Dash is an experimental digital currency that enables instant, private payments to anyone, anywhere in the world. Dash uses peer-to-peer technology to operate with no central authority: managing transactions and issuing money are carried out collectively by the network. Dash Core is the name of the open source software which enables the use of this currency.
Pre-Built Binary
For more information, as well as an immediately usable, binary version of the Dash Core software, see https://www.dash.org/downloads/.
License
Dash Core is released under the terms of the MIT license. See COPYING for more information or see https://opensource.org/licenses/MIT.
Development Process
The master
branch is meant to be stable. Development is normally done in separate branches.

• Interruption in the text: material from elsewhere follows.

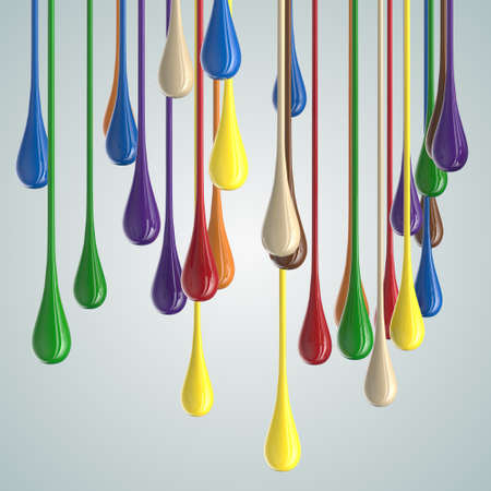 3D color glossy paint drop blobs isolated on white. 3D rendering

Tags are created to indicate new official,
stable release versions of Dash Core.
The contribution workflow is described in CONTRIBUTING.md and useful hints for developers can be found in doc/developer-notes.md.
Testing
Testing and code review is the bottleneck for development; we get more pull requests than we can review and test on short notice. Please be patient and help out by testing other people's pull requests, and remember this is a security-critical project where any mistake might cost people lots of money.
Automated Testing
Developers are strongly encouraged to write unit tests for new code, and to
submit new unit tests for old code. Unit tests can be compiled and run
(assuming they weren't disabled in configure) with: make check
. Further details on running
and extending unit tests can be found in /src/test/README.md.
There are also regression and integration tests, written
in Python, that are run automatically on the build server.
These tests can be run (if the test dependencies are installed) with: test/functional/test_runner.py
The Travis CI system makes sure that every pull request is built for Windows, Linux, and macOS, and that unit/sanity tests are run automatically.
Manual Quality Assurance (QA) Testing
Changes should be tested by somebody other than the developer who wrote the code. This is especially important for large or high-risk changes. It is useful to add a test plan to the pull request description if testing the changes is not straightforward.
Translations
Changes to translations as well as new translations can be submitted to Dash Core's Transifex page.
Translations are periodically pulled from Transifex and merged into the git repository. See the translation process for details on how this works.
Important: We do not accept translation changes as GitHub pull requests because the next pull from Transifex would automatically overwrite them again.
Translators should also follow the forum.